Sex and age differences in the association between high sensitivity C-reactive protein and all-cause mortality: A 12-year prospective cohort study.

作者信息

Bafei Solim Essomandan Clémence, Yang Song, Chen Changying, Gu Xincheng, Mu Jialing, Liu Fangyuan, Sun Junxiang, Zhuang Qian, Wei Pengfei, Zhao Xianghai, Chen Yanchun, Yin Yunjie, Xie Hankun, Shen Chong

机构信息

Department of Epidemiology, Center for Global Health, School of Public Health, Nanjing Medical University, Nanjing 211166, China.

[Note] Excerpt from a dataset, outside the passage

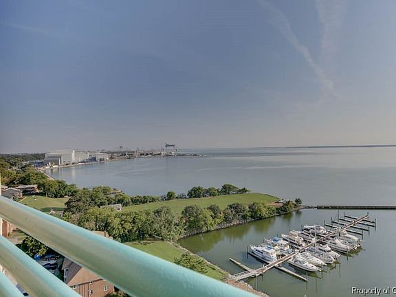 Breathtaking views from the 15th floor of this 2 bedroom, 2 bathroom condo. Completely updated in 2021. Two primary bedrooms with walk in closets make this condo unique. Spectacular views of the James River. Located in a prime and convenient waterfront location, this condo has the perfect blend of luxury, comfort and beauty. An open floorplan integrates living, dining and kitchen areas that create an inviting and spacious atmosphere. Easy to care for luxury vinyl flooring in all living spaces. The windows showcase panoramic views of Leeward Marina and the James River sunsets. Updated kitchen with granite and stainless appliances in 2021. Updated primary baths. New Rudd HVAC July 2023 and hot water heater 2018. Condo fee covers water, sewer, trash, cable TV, 24 hr. security service, exterior maintenance, elevators and planned community activities. Gated community and parking garage with private outside storage(7'x4') next to assigned parking space.

Department of Cardiology, Affiliated Yixing People's Hospital of Jiangsu University, People's Hospital of Yixing City, Yixing 214200, China.

出版信息

Mech Ageing Dev. 2023 Apr;211:111804. doi: 10.1016/j.mad.2023.111804. Epub 2023 Mar 24.

Abstract

To explore the influence of age on hs-CRP among men and women and investigate the impact of hs-CRP on all-cause death, this prospective cohort enrolled 4128 community adults from 2009 to 2022 for all-cause death. Age and sex-specific hs-CRP percentile curves were generated using the GAMLSS method. Cox-proportional hazard regression analysis was applied to estimate the hazard ratios (HRs) and 95 % confidence intervals (CIs). During the follow-up with a median of 12.59 years, 701 cases of all-cause death were identified. Among men, the smoothed centile curves of hs-CRP gradually increased from age 35 onwards whereas, the smoothed centile curves of hs-CRP continuously increased as age increased among women. Compared with the reference group, the adjusted HR of the association between elevated hs-CRP and all-cause death was 1.33 (95 % CI: 1.11-1.61). The adjusted HRs of the associations between elevated hs-CRP and all-cause death were higher in women [1.40 (95 % CI: 1.07-1.83)] than men [1.28 (95 % CI: 0.99-1.65) and in subjects aged < 65 years [1.77 (95 % CI: 1.19-2.62)] than in subjects aged ≥ 65 years [1.27 (95 % CI: 1.03-1.57)]. Our findings highlight the need of investigating sex and age differences in biological pathways that link inflammation and mortality.

摘要

为探讨年龄对男性和女性超敏C反应蛋白(hs-CRP)的影响,并研究hs-CRP对全因死亡的影响,本前瞻性队列研究在2009年至2022年期间纳入了4128名社区成年人以研究全因死亡情况。使用广义相加模型稳健估计法(GAMLSS)生成了按年龄和性别划分的hs-CRP百分位数曲线。采用Cox比例风险回归分析来估计风险比(HRs)和95%置信区间(CIs)。在中位随访时间为12.59年期间,共确定了701例全因死亡病例。在男性中,hs-CRP的平滑百分位数曲线从35岁起逐渐上升,而在女性中,hs-CRP的平滑百分位数曲线随年龄增长持续上升。与参照组相比,hs-CRP升高与全因死亡之间关联的校正后HR为1.33(95%CI:1.11 - 1.61)。hs-CRP升高与全因死亡之间关联的校正后HR在女性中[1.40(95%CI:1.07 - 1.83)]高于男性[1.28(95%CI:0.99 - 1.65)],且在年龄<65岁的受试者中[1.77(95%CI:1.19 - 2.62)]高于年龄≥65岁的受试者[1.27(95%CI:1.03 - 1.57)]。我们的研究结果强调了调查连接炎症和死亡率的生物学途径中性别和年龄差异的必要性。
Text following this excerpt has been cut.